The principles behind mural-making in Las Mujeres Muralistas mural collective emphasizes the significance that collectivity has through mural making for these Chicana women. Though many art critics argue that their art is not "political enough," they highlight that their art is also for the purpose of community and children. They create art in order to bring art closer to the people in underrepresented and disenfranchised communities.

== Art ==
=== Latino-America ===
In Latino-America, Graciela Carrillo, Patricia Rodríguez, Consuelo Mendez, and Irene Pérez – and their four assistants – Tuti Rodriguez, Miriam Olivas, Xochitl Nevel-Guerrero, and Estér Hernández painted a 70 × 20 ft mural on a high wall. This mural was notable for using only and all female artists which led to the leading artists being named La Mujeres Muralistas. It was commissioned by Mission Model Cities in 1974.

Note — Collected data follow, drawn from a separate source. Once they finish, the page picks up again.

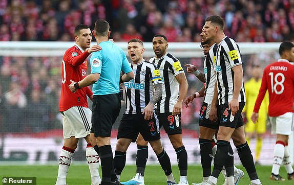 Ku munota wa 25 Trippier wa Newcastle United yahinduye umupira imbere y'izamu, bituma Schär Lisandro Martnez bagonganya imitwe abaganga baratabara.
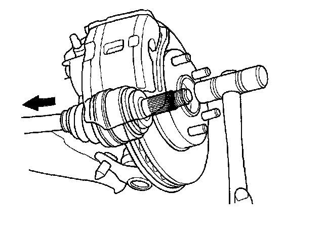 8. Pull the knuckle outward, and remove the driveshaft outboard joint from the front wheel hub.
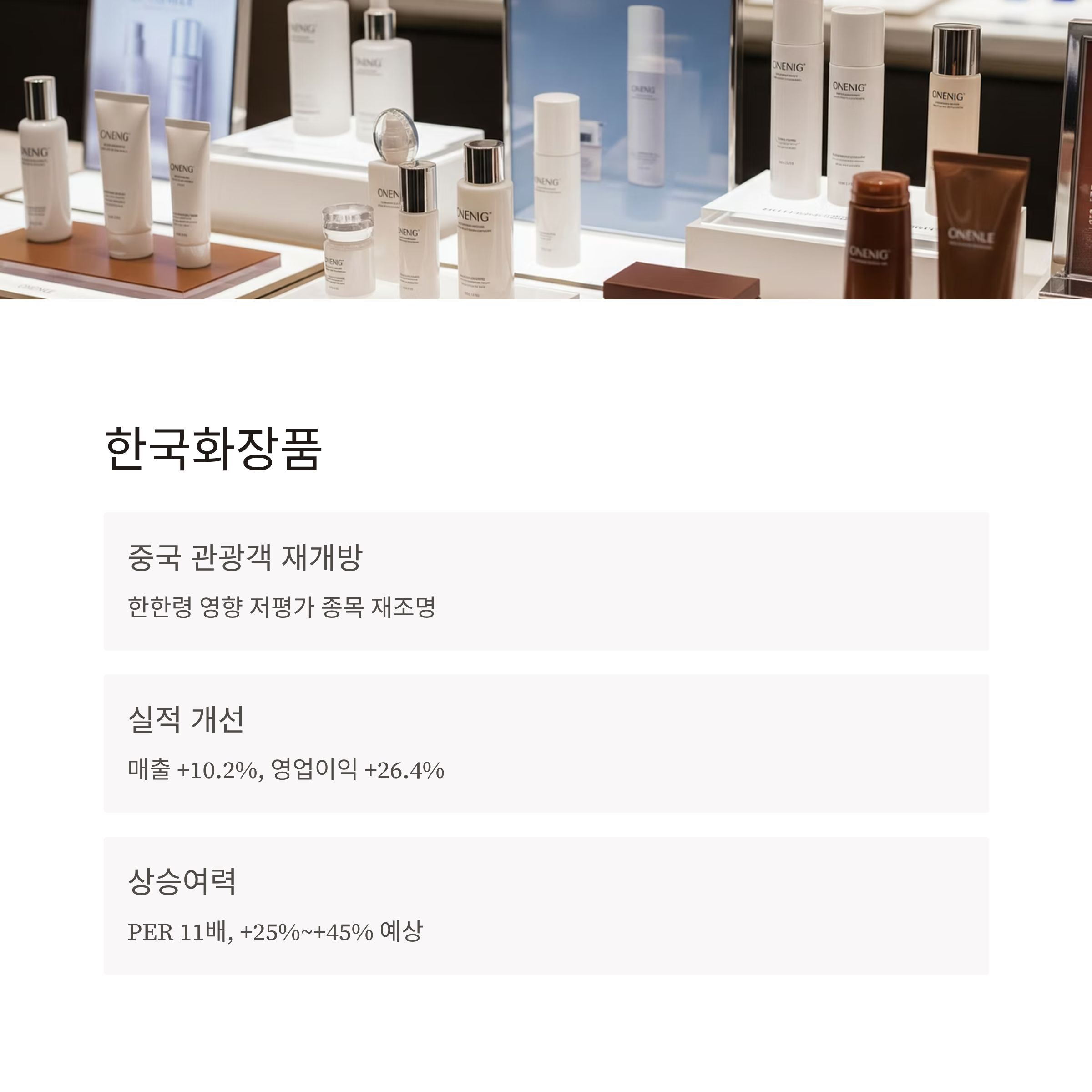 | 한국화장품 | +25%~+45% | 소비재 회복, 중국 관광객 유입 가능성 |
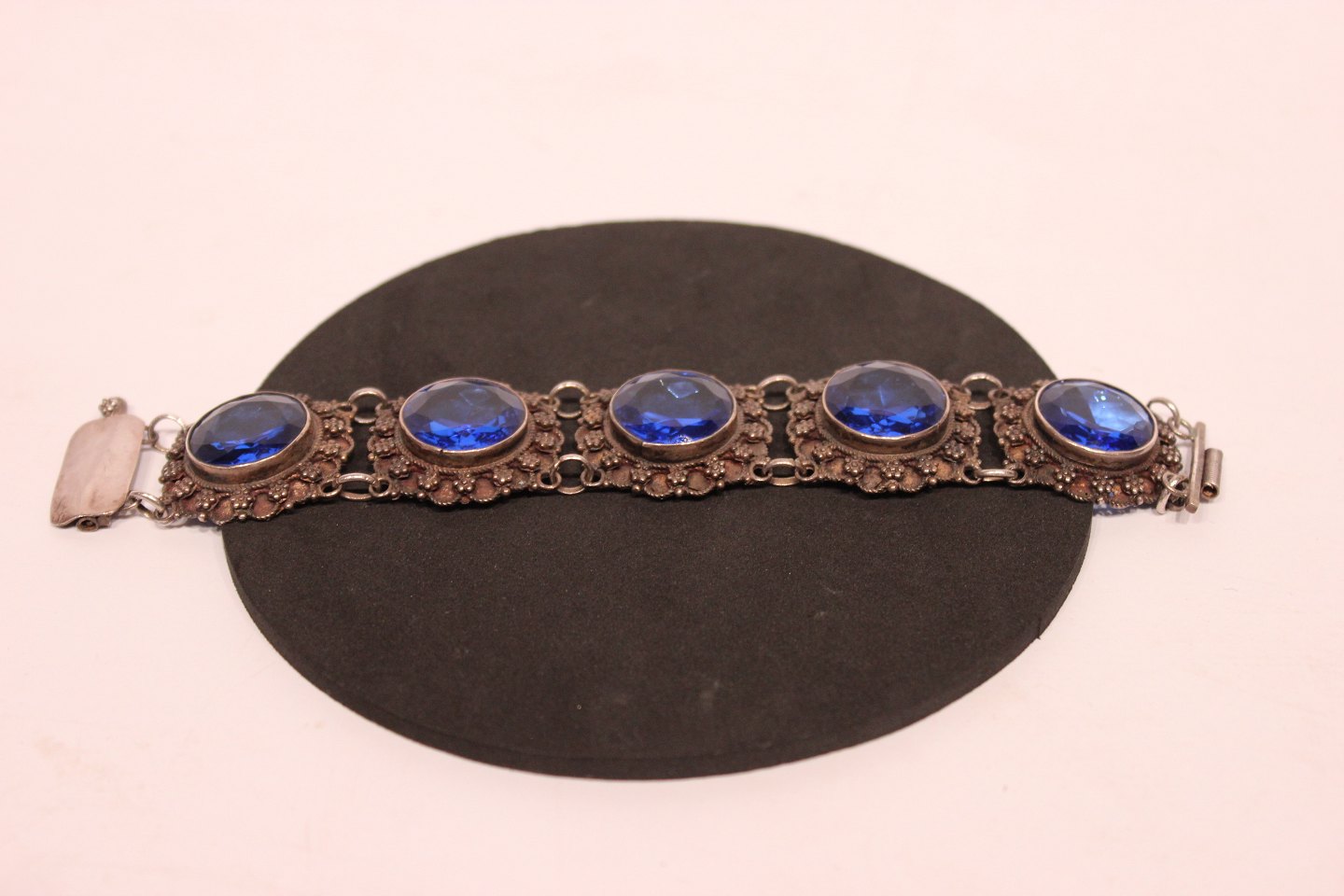 Sterling 900 bracelet with large blue stones from Jordan, stamped Jordan ST 900.
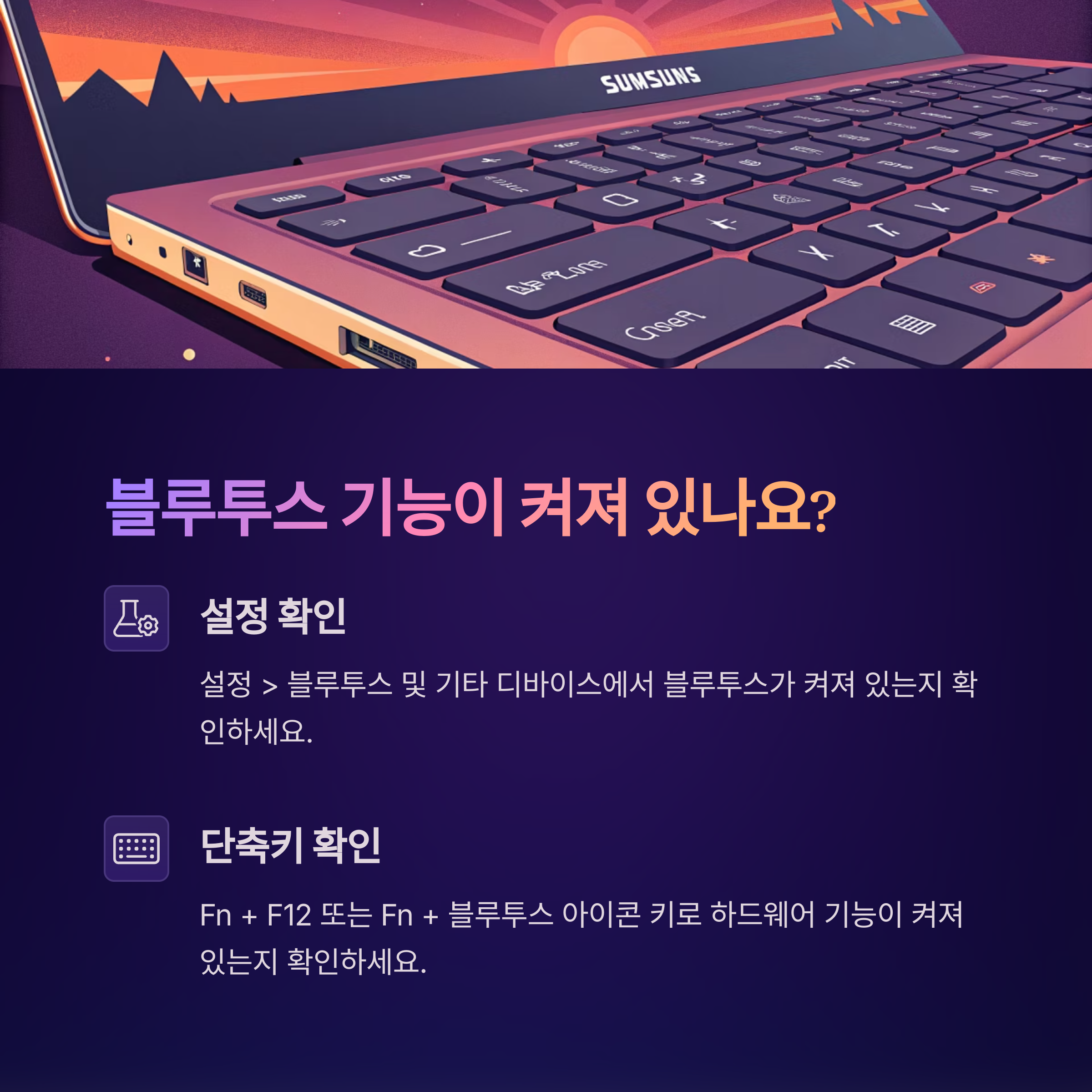 "Fn + F12" 또는 "Fn + 블루투스 아이콘 키" 조합으로 하드웨어 기능을
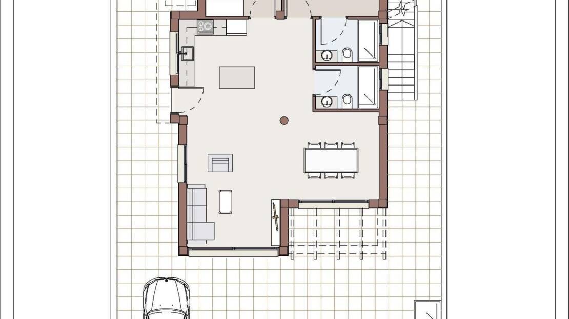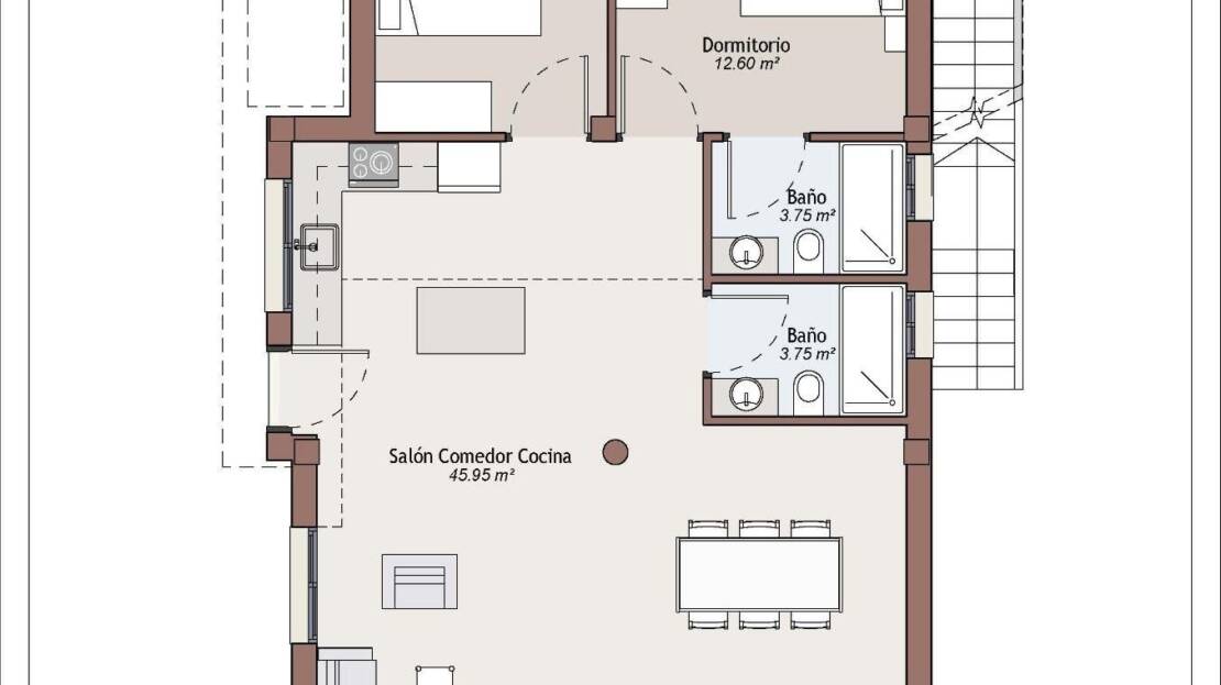 Nybygg bolig med uavhengige villaer å velge mellom to modeller: dobbel høyde, med tre soverom og tre bad og 2/3 soverom med to bad, alt i én etasje.
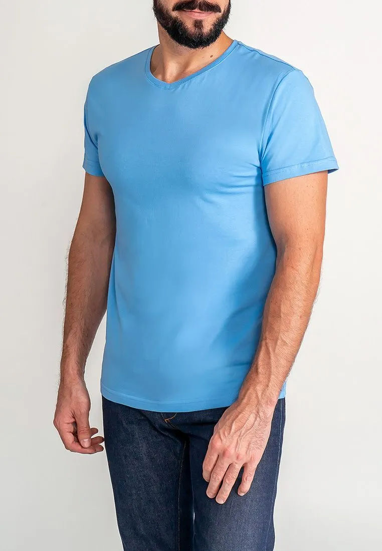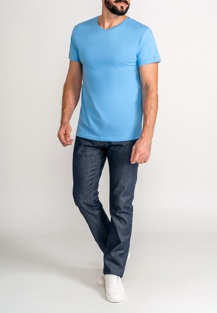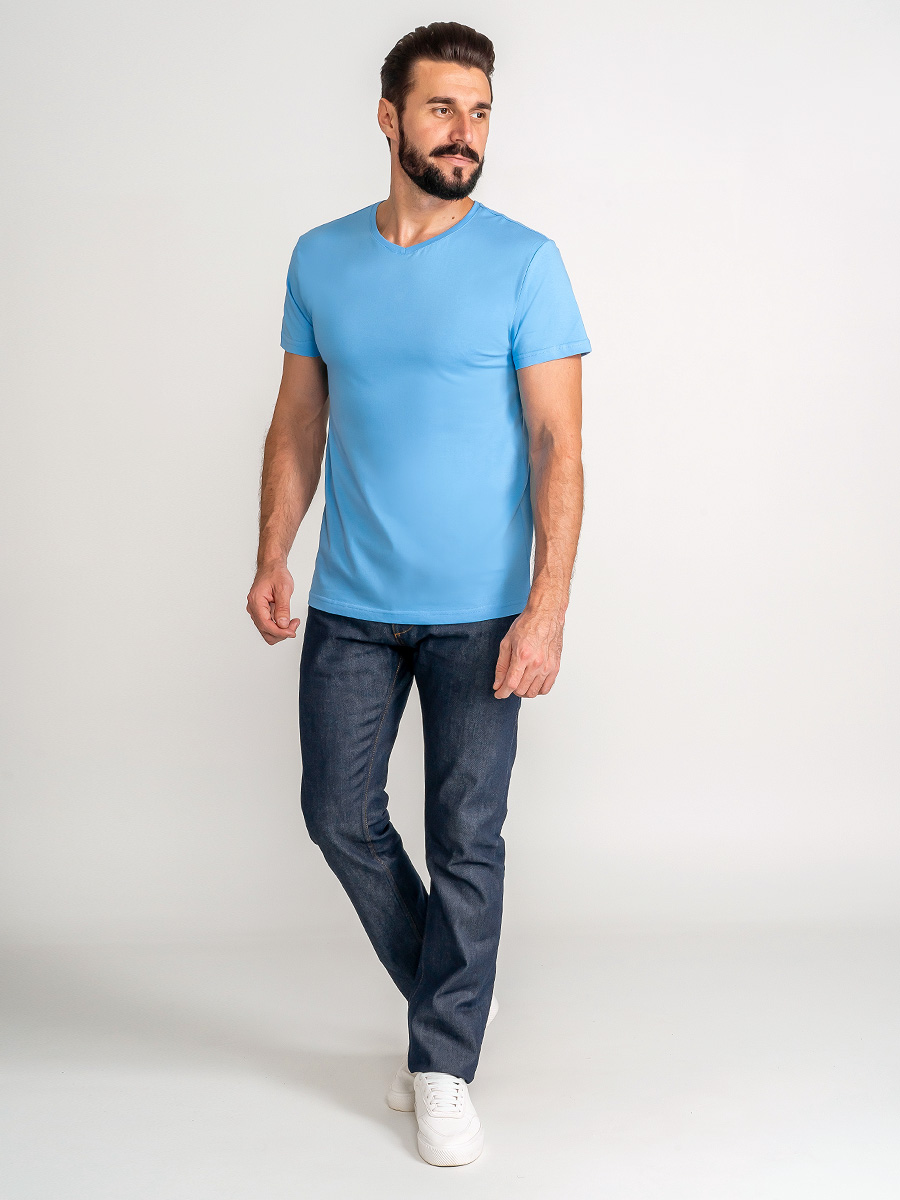 Цвет: Голубой Рисунок: Трикотаж о..показатьднотонный Состав: 100% хлопок Supreme Модель: Классическая Ворот: V-вырез Силуэт: Прямой силуэт / Сlassic fitднотонный

=== Soñar Despierto: Seriographs and Mural Exhibit ===
From March 9, 1974, to March 31, 1974, Graciela Carrillo's art was exhibited in Galeria de la Raza's mural exhibits. Her artworks in this series represent warm and bright colors, many which represent cactuses. Her artwork represented symbols of Mexican-American culture.

=== Marzo ===
Marzo depicts an indigenous man with angel wings being guided by figures through the indigenous calendar. This art piece was created in 1975 and it was displayed in la Galeria de la Raza. Many of her works depict indigenous aspects of life.